- Citizenship: Ghanaian
- Education: Diploma in Business Administration
- Occupation: Social entrepreneur
- Known for: Founder and CEO of Asheba enterprise
- Notable work: Shea butter production, women empowerment
- Awards: Female entrepreneur of the year (2018), Business Innovation of the year (2018

= Ayisha Fuseini =

Ghanaian social entrepreneur

Ayisha Fuseini is a Ghanaian social entrepreneur. Fuseini is the founder and CEO of a company called Asheba Enterprise, registered in 2013 in Ghana, working with over 600 women in rural communities in Tamale; Northern region. She established a processing center that reduces the workload of the women she works with. Her enterprise also provides financial services to support women in the Shea business. Her company produces beauty products such as soap, body creams and other products using high quality shea butter. She is also a supplier of shea butter to The Body Shop chain.

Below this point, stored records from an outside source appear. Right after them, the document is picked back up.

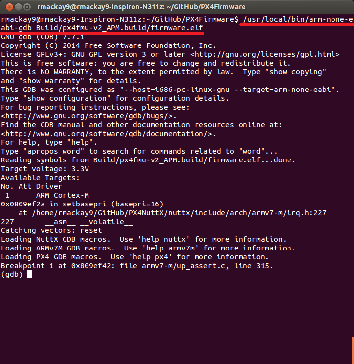 如果使用 Ubuntu,您的计算机上可能已经安装了 GDB,而且它也可以正常工作,不过我们建议您使用在此处下载的版本 https://firmware.ardupilot.org/Tools/STM32-tools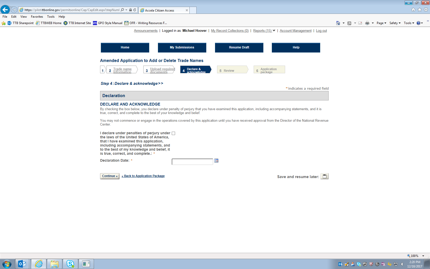 Figure 16 – Declaration page.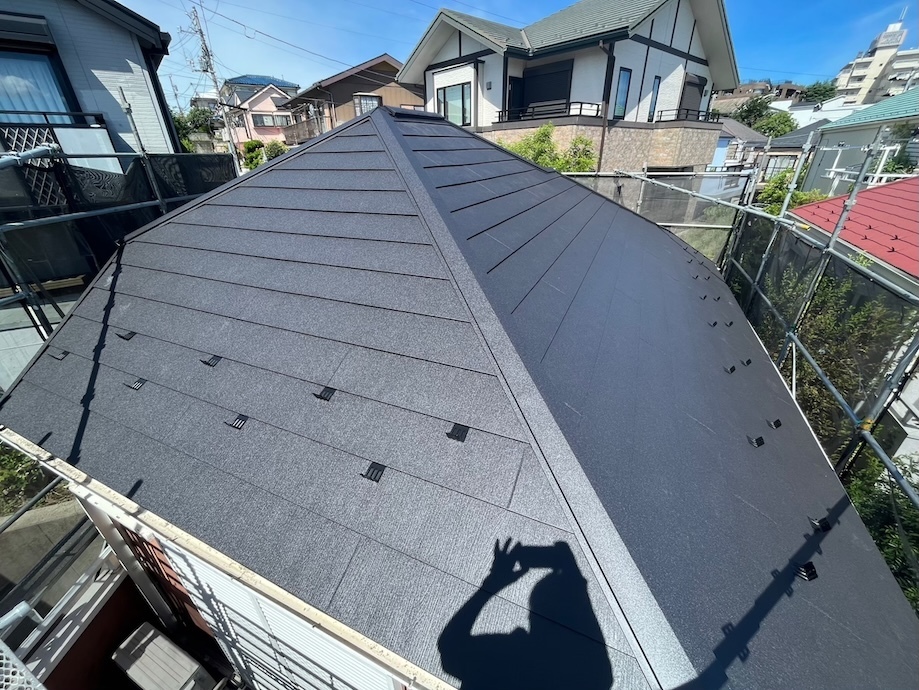また、築年数の経過により劣化が見られたパミール屋根を、軽量で高耐久な「スーパーガルテクト(シェイドブラック)」へ葺き替えました。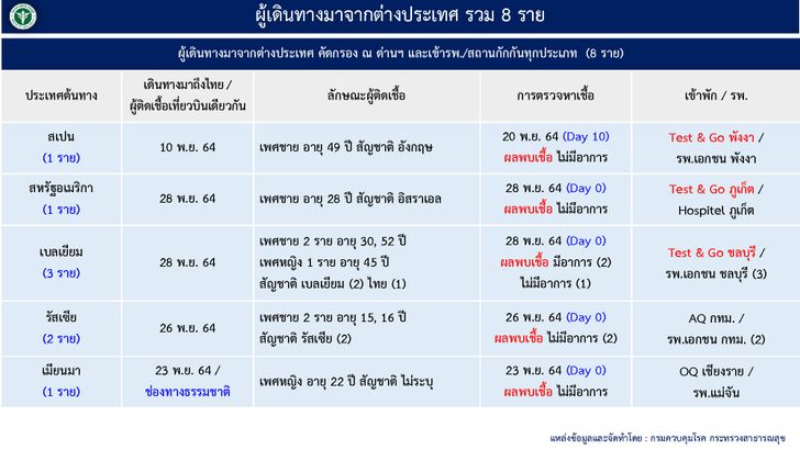 - ผู้ป่วยมาจากต่างประเทศ 8 ราย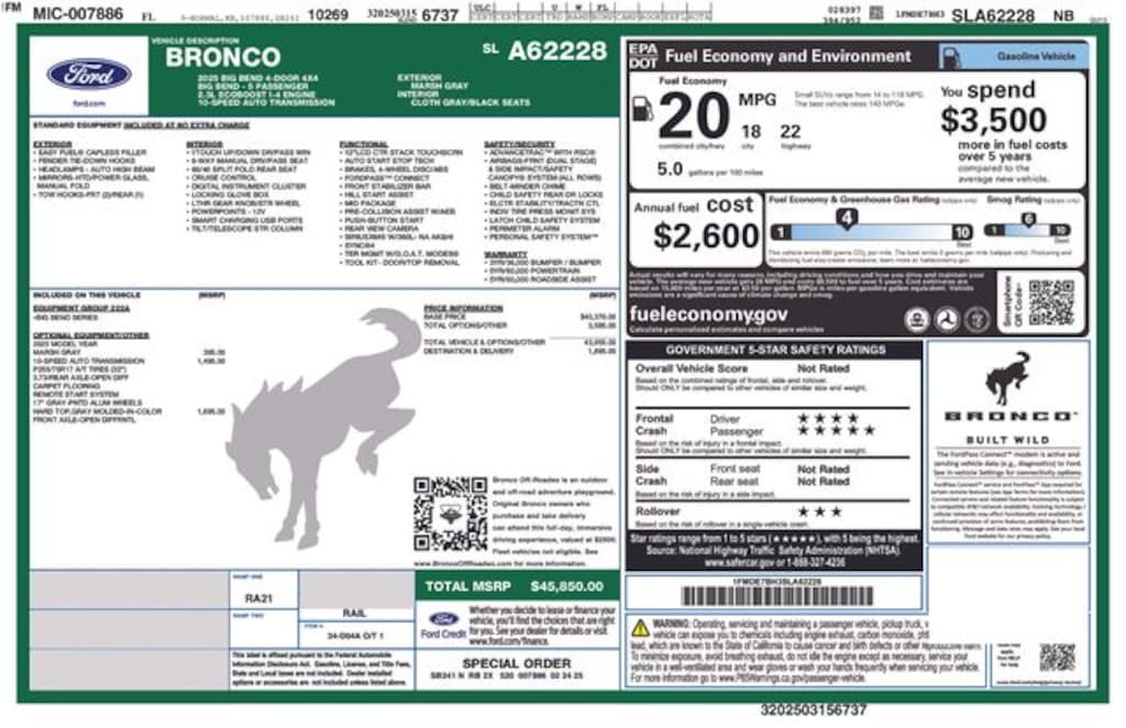 Designed to thrill, the 2025 Bronco Big Bend boasts a host of advanced features that enhance both performance and convenience. Enjoy the convenience of dual-zone electronic automatic temperature control, the added safety of Ford Co-Pilot360, and the connectivity of the FordPass performance app with off-road navigation. With a stylish Carbonized Gray exterior and a spacious, well-appointed interior, this Bronco is ready to be your trusted companion on any adventure.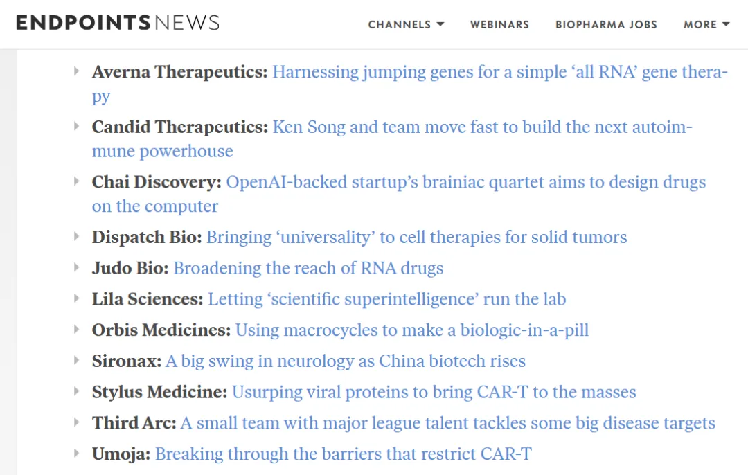 2024年9月19日,全球知名的生物医药媒体Endpoints News发布了“The Endpoints 11 list:the most exciting biotech startups of 2025”,该榜单主要授予2025年生物技术领域最具前景的年轻初创公司。

As part of her venture into entrepreneurship, she joined the CAMFED Association of Young Women Leaders. This opened many opportunities, including training her to be a peer educator. Using the knowledge she gained during the program, she organized and trained 70 women to gather and process shea nuts into butter. She trains women groups on improved production methods that fetch high prices for higher quality butter.

== Personal life ==
Ayisha is a divorced mother of three.

== Education ==
She holds a Diploma in Business Administration and was recognized as an investment business programmer by Invest in Africa's (IIA) Business Linkage Programme (BLP) in 2016.

== Awards ==
She won two Invest in Africa awards in January 2018: Female Entrepreneur of the Year (2018) and Business Innovation of the Year.